(Records from a collection)
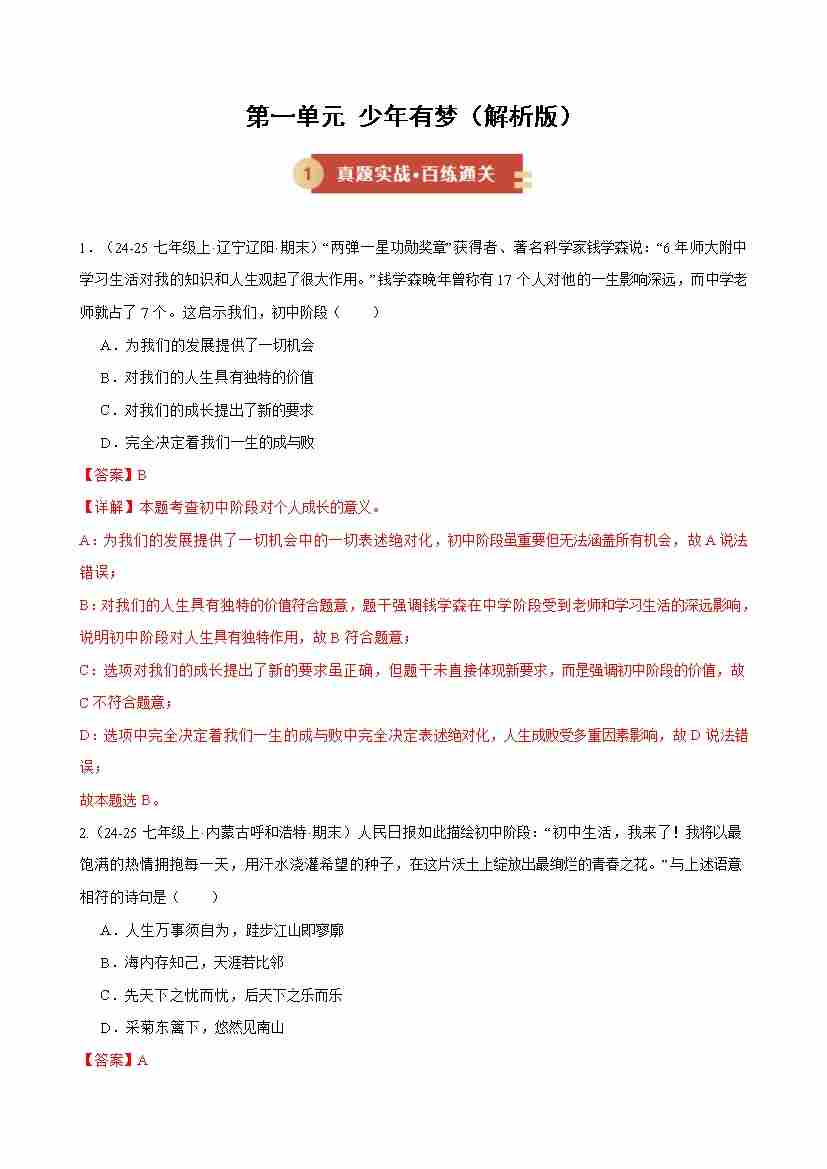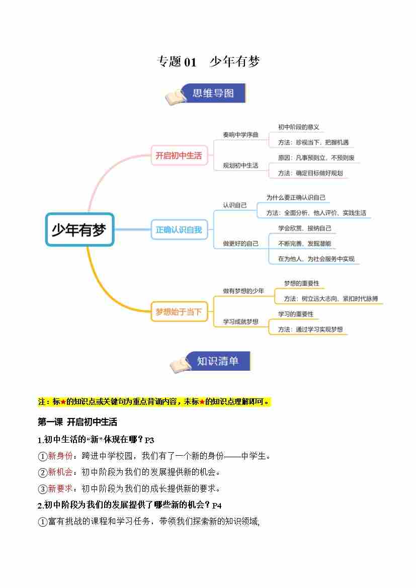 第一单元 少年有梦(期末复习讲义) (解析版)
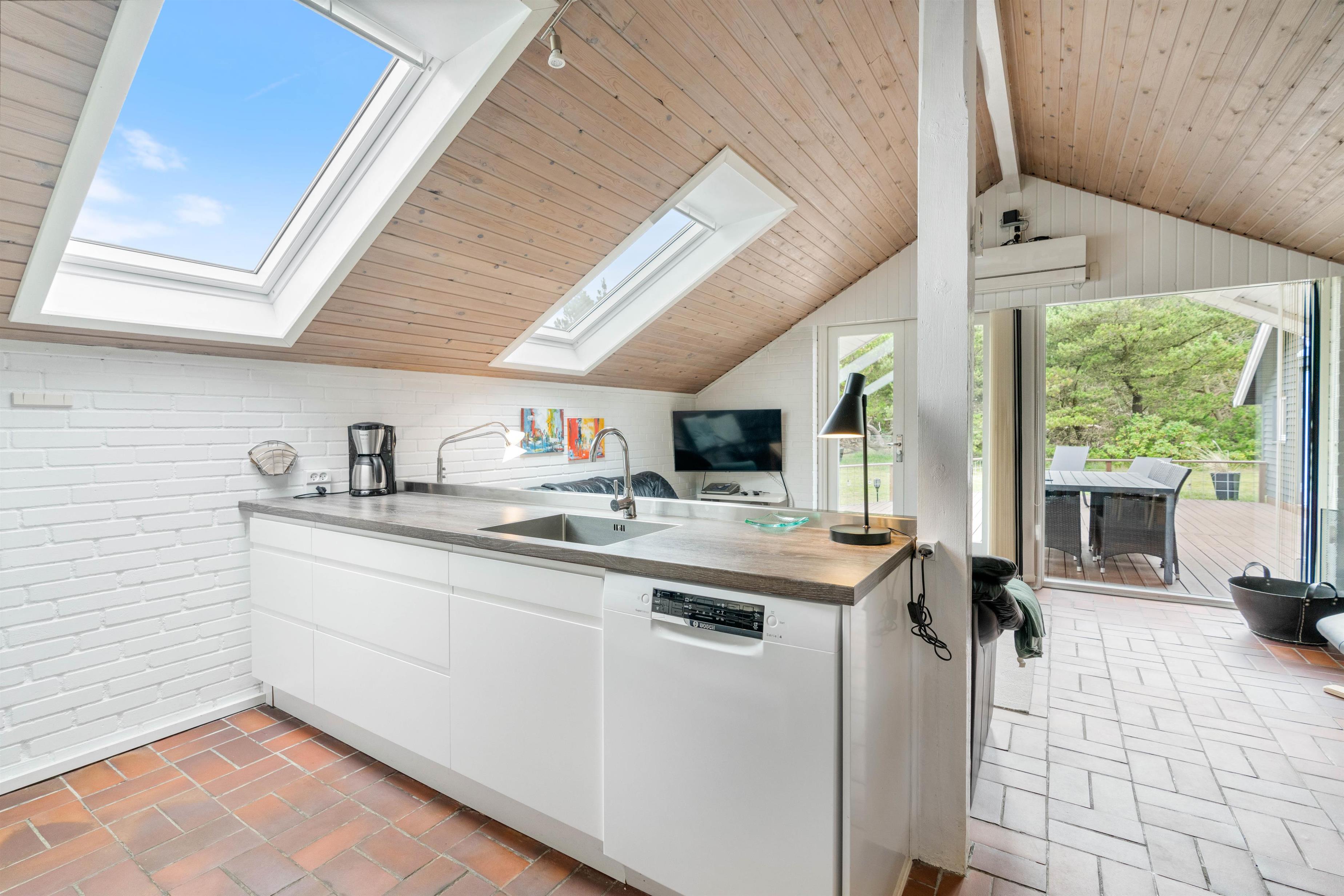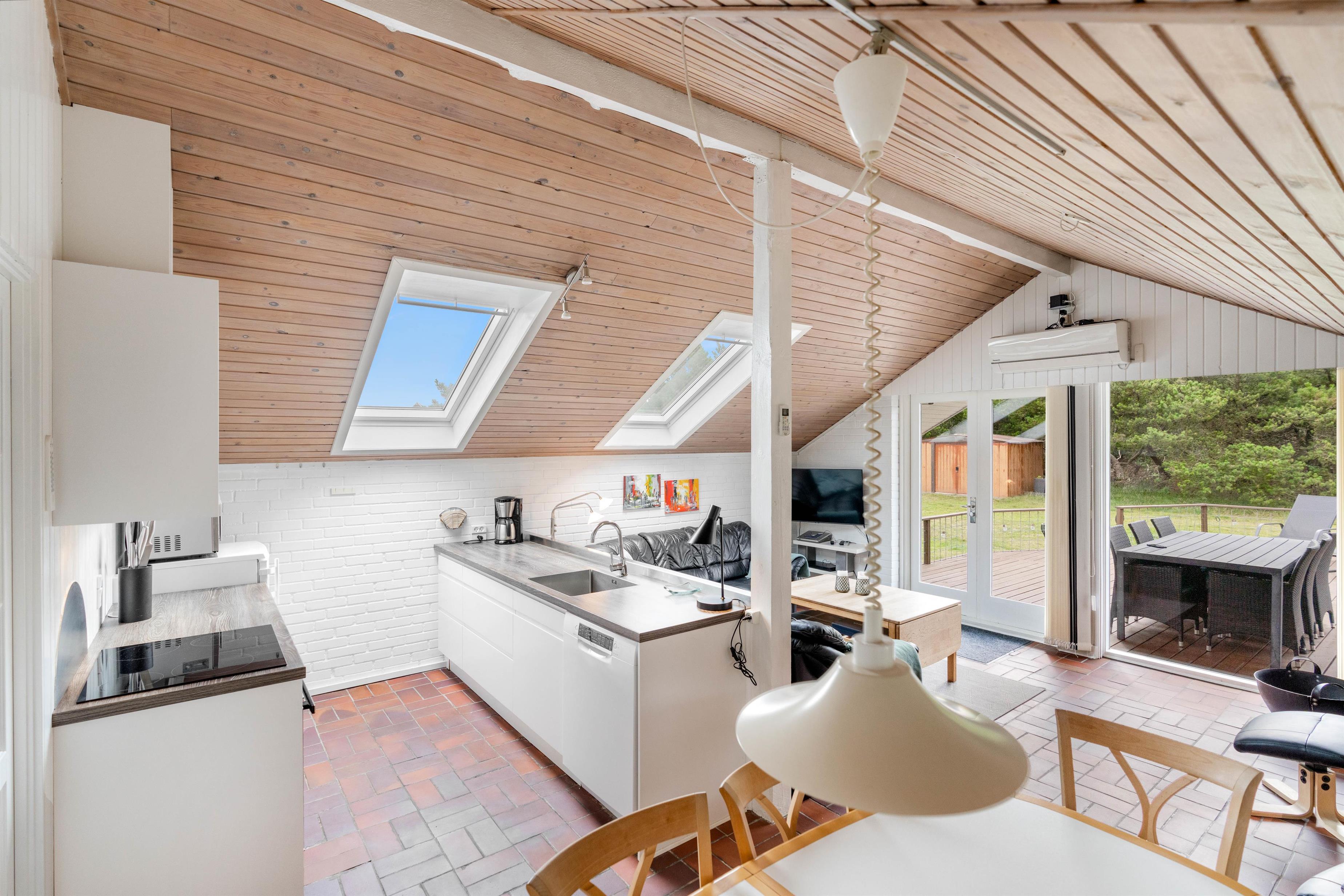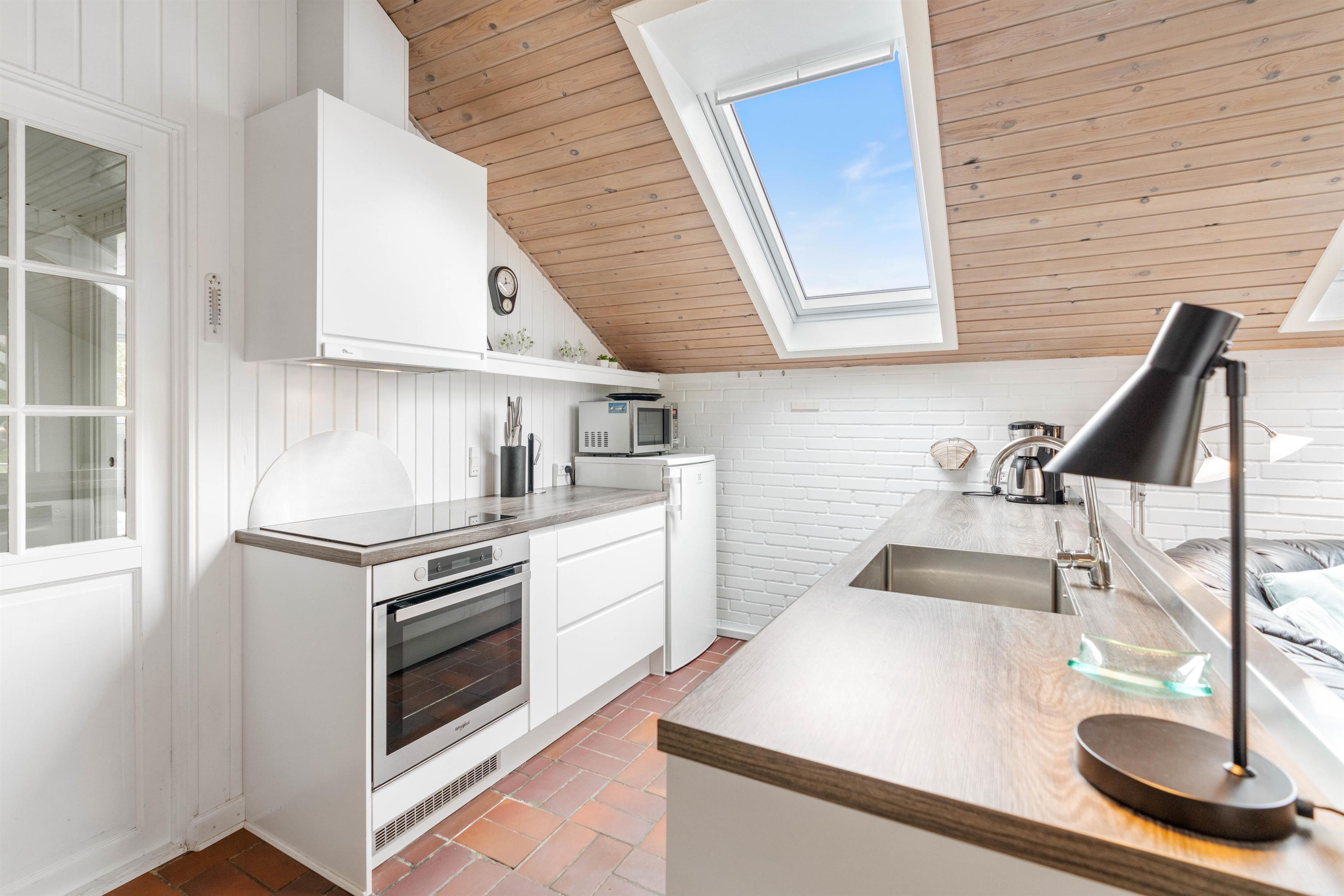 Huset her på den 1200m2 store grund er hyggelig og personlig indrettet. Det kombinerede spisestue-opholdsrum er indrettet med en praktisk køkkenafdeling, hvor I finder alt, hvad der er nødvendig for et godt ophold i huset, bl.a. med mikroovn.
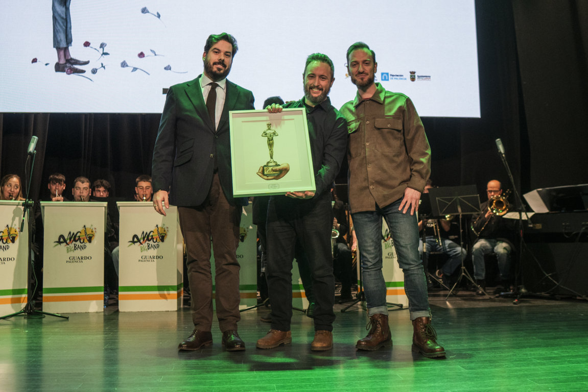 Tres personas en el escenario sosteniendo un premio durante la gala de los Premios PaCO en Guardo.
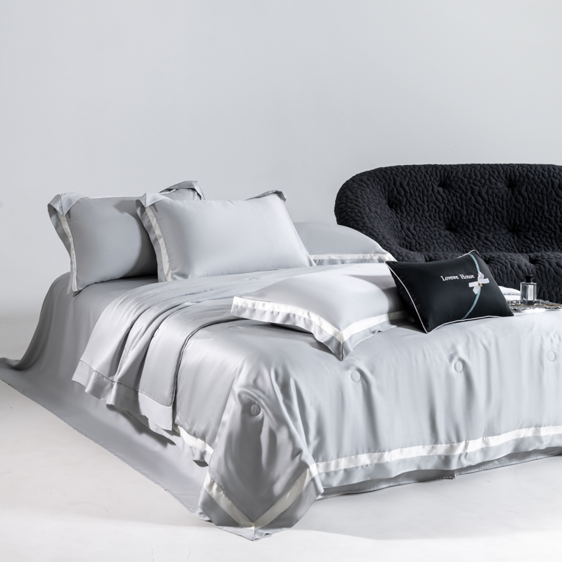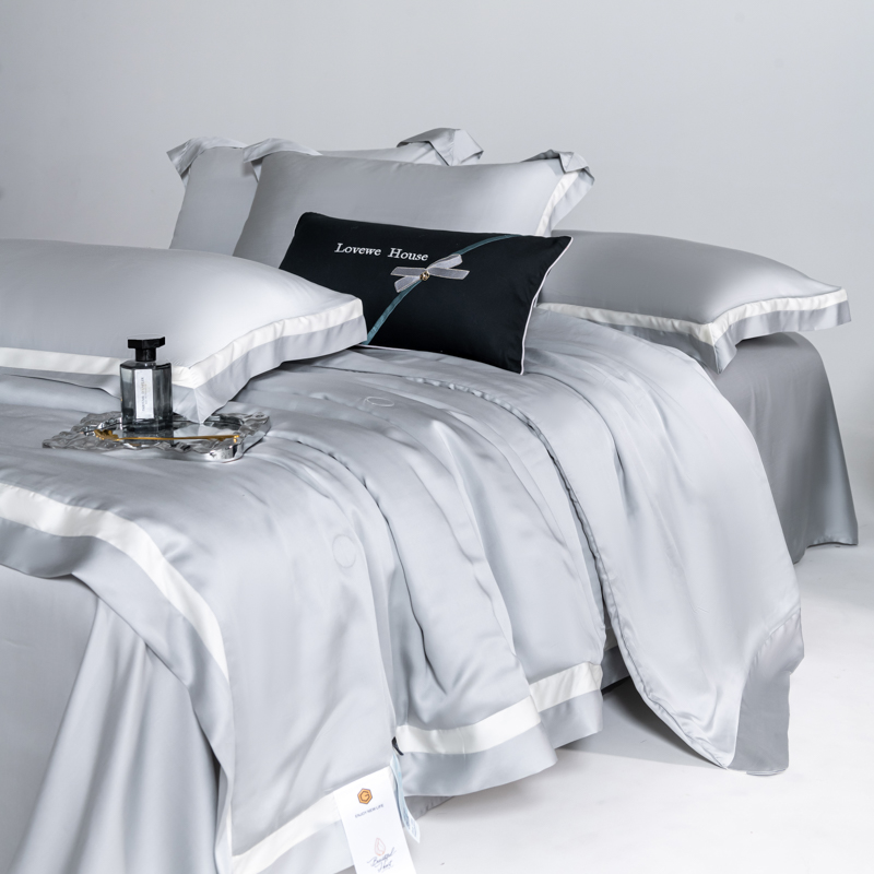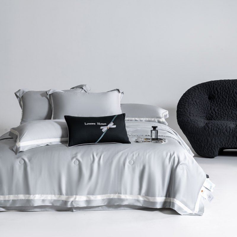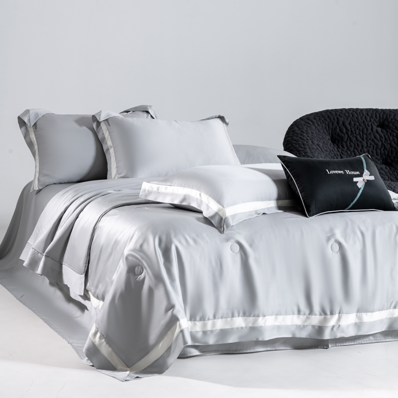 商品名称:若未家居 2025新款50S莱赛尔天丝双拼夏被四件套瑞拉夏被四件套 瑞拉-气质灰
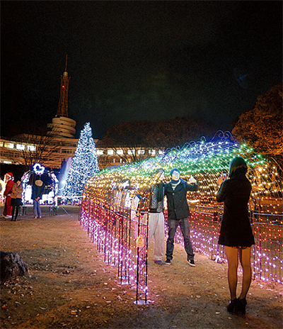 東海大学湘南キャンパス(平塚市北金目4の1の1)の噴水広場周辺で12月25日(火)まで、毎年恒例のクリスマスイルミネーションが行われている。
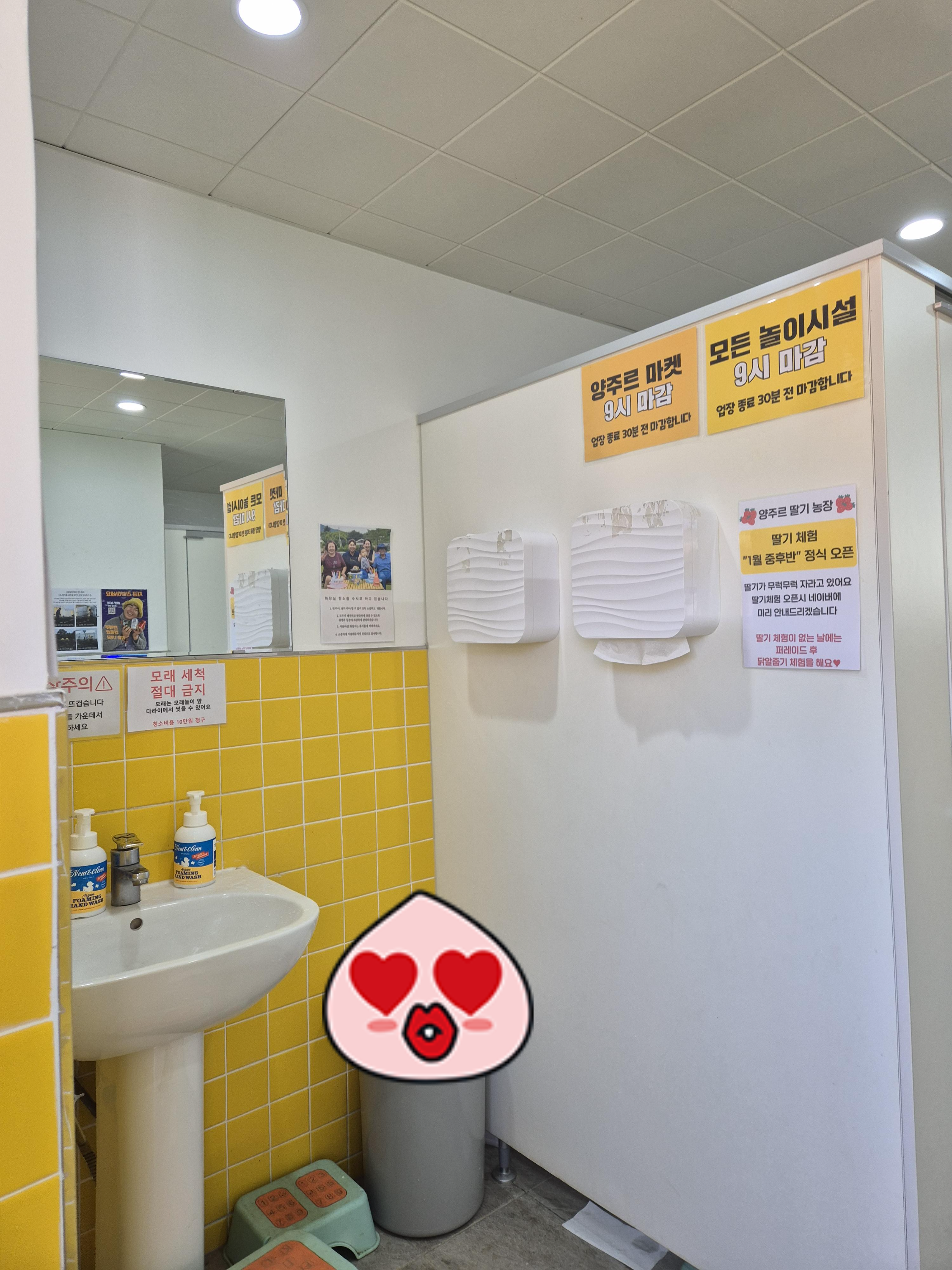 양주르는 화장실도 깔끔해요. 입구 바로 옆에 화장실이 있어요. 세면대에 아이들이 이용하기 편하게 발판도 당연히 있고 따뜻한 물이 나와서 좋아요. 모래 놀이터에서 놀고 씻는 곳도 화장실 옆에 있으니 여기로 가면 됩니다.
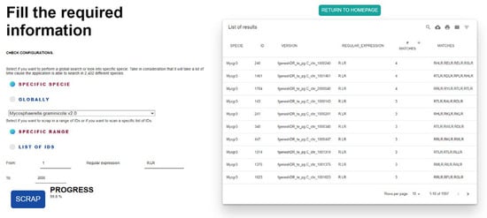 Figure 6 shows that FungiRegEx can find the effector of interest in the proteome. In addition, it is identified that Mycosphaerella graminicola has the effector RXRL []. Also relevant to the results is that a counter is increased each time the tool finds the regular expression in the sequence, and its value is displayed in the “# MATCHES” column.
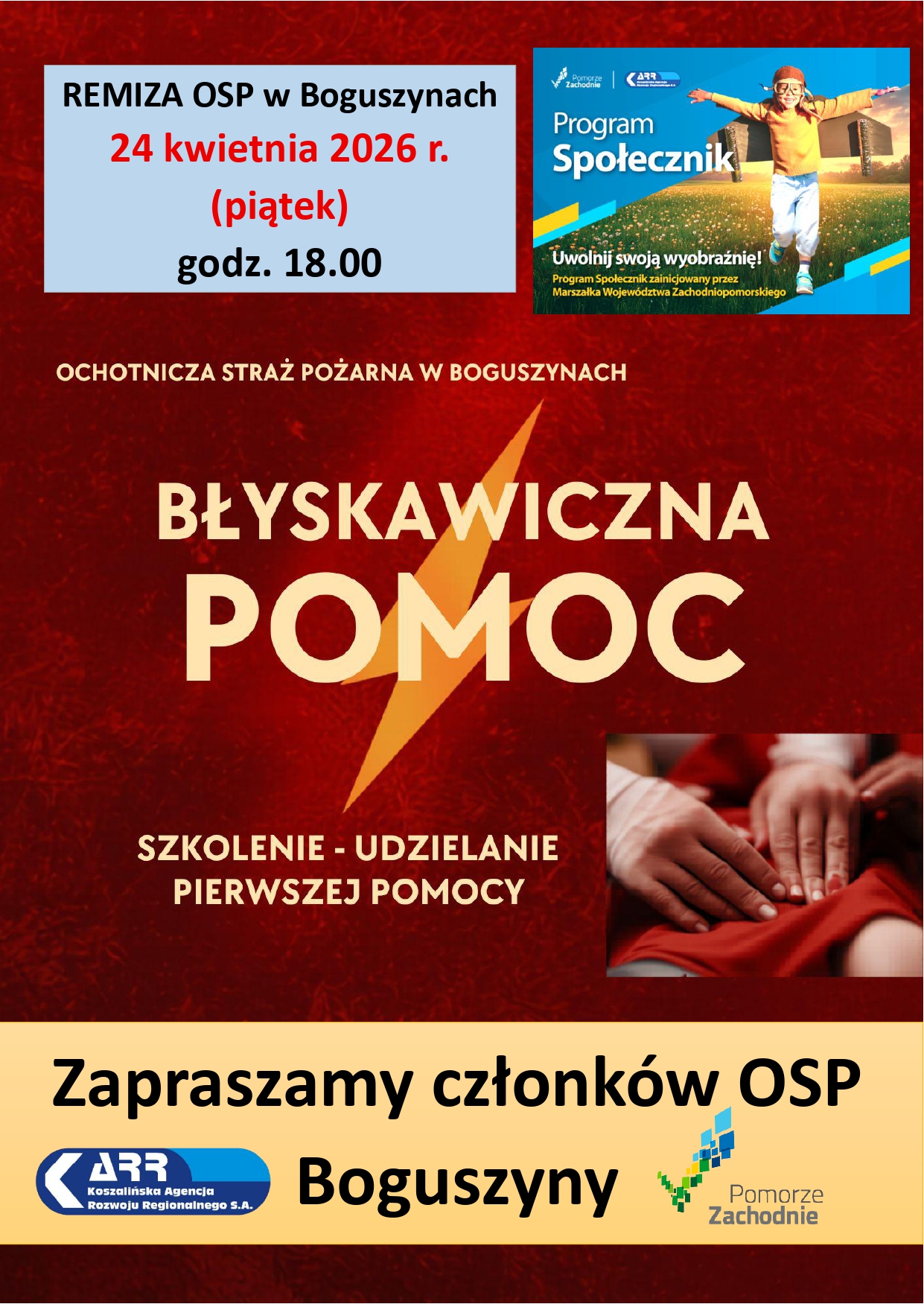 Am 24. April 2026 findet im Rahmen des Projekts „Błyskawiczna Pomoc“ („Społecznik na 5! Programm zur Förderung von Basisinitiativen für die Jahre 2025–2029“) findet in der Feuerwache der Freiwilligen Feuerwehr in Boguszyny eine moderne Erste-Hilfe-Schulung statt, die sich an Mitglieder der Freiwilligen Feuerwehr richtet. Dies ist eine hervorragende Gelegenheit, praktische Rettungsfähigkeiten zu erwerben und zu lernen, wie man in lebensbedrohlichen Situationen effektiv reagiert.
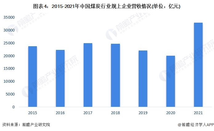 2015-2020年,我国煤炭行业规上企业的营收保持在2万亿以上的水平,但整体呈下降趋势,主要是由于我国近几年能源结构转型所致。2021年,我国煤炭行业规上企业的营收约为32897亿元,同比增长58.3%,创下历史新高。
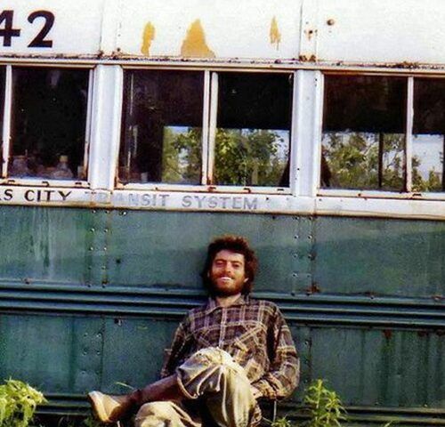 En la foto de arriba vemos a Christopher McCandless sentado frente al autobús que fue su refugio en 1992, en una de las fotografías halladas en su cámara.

# What the task asks:
Because the pictures are not wanted, retype every record exactly without them.

# Response box:
 第一单元 少年有梦(期末复习讲义) (解析版)
 Huset her på den 1200m2 store grund er hyggelig og personlig indrettet. Det kombinerede spisestue-opholdsrum er indrettet med en praktisk køkkenafdeling, hvor I finder alt, hvad der er nødvendig for et godt ophold i huset, bl.a. med mikroovn.
 Tres personas en el escenario sosteniendo un premio durante la gala de los Premios PaCO en Guardo.
 商品名称:若未家居 2025新款50S莱赛尔天丝双拼夏被四件套瑞拉夏被四件套 瑞拉-气质灰
 東海大学湘南キャンパス(平塚市北金目4の1の1)の噴水広場周辺で12月25日(火)まで、毎年恒例のクリスマスイルミネーションが行われている。
 양주르는 화장실도 깔끔해요. 입구 바로 옆에 화장실이 있어요. 세면대에 아이들이 이용하기 편하게 발판도 당연히 있고 따뜻한 물이 나와서 좋아요. 모래 놀이터에서 놀고 씻는 곳도 화장실 옆에 있으니 여기로 가면 됩니다.
 Figure 6 shows that FungiRegEx can find the effector of interest in the proteome. In addition, it is identified that Mycosphaerella graminicola has the effector RXRL []. Also relevant to the results is that a counter is increased each time the tool finds the regular expression in the sequence, and its value is displayed in the “# MATCHES” column.
 Am 24. April 2026 findet im Rahmen des Projekts „Błyskawiczna Pomoc“ („Społecznik na 5! Programm zur Förderung von Basisinitiativen für die Jahre 2025–2029“) findet in der Feuerwache der Freiwilligen Feuerwehr in Boguszyny eine moderne Erste-Hilfe-Schulung statt, die sich an Mitglieder der Freiwilligen Feuerwehr richtet. Dies ist eine hervorragende Gelegenheit, praktische Rettungsfähigkeiten zu erwerben und zu lernen, wie man in lebensbedrohlichen Situationen effektiv reagiert.
 2015-2020年,我国煤炭行业规上企业的营收保持在2万亿以上的水平,但整体呈下降趋势,主要是由于我国近几年能源结构转型所致。2021年,我国煤炭行业规上企业的营收约为32897亿元,同比增长58.3%,创下历史新高。
 En la foto de arriba vemos a Christopher McCandless sentado frente al autobús que fue su refugio en 1992, en una de las fotografías halladas en su cámara.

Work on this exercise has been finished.